Much of the same can be said of Florida Statutes, Section 768.0415.
Section 768.0415 is a little known provision by which a child's right to parental consortium is established. Under Section 768.0415, "[a] person who, through negligence, causes significant permanent injury to the natural or adoptive parent of an unmarried dependent resulting in a permanent total disability [is] liable to the dependent for damages, including damages for permanent loss of services, comfort, companionship, and society." [FN1]
Many practitioners are unaware of this statute and its history. The legislature enacted Section 768.0415 after the Florida Supreme Court declined to create the right to parental consortium in Zorzos v. Rosen, 467 So. 2d 305 (Fla. 1985). In Zorzos, the Supreme Court was asked to decide whether Florida should recognize a cause of action for parental consortium when a parent is injured by the negligence of a third party. [FN2] The court responded somewhat ambivalently.

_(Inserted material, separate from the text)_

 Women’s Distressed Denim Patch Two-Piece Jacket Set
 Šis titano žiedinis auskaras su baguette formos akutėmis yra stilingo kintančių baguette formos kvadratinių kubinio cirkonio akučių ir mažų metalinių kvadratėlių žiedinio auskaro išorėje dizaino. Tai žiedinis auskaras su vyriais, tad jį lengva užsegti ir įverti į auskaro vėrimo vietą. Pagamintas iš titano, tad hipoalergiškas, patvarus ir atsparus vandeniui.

It acknowledged that such a cause had been rejected previously by Florida's lower courts. [FN3] It then acknowledged that it could recognize the cause of action even though the legislature had not done so previously. In the end, the Florida Supreme Court decided that "it is wiser to leave it to the legislative branch[.]" [FN4]
In 1988, the Florida Legislature noted the Supreme Court's ambivalence in Zorzos and enacted Section 768.0415. [FN5] However, very few cases brought on behalf of an injured parent currently include the derivative claims of the parent's children. [FN6] Even fewer cases involving Section 768.0415 have been reported by Florida's courts. In fact, a search of the reporters produces only six cases even citing the statute. [FN7]
The promise of a statutory right to parental consortium apparently has been lost in the wasteful complexity of the statute's terms. As noted in the jury instructions on parental consortium, Section 768.0415 does not define "significant permanent injury," "dependent" or "permanent total disability." [FN8] The statute further refers only to "negligence" without distinguishing between common law negligence and "negligence cases" as defined in Florida Statutes, Section 768.81(4)(a). [FN9] Regardless of the statute's ambiguity elsewhere, the term "permanent total disability" is the most determinative and most troubling among those used in Section 768.0415. "Permanent total disability" certainly subsumes the statute's notion of "significant permanent injury," yet the term's definition remains elusive.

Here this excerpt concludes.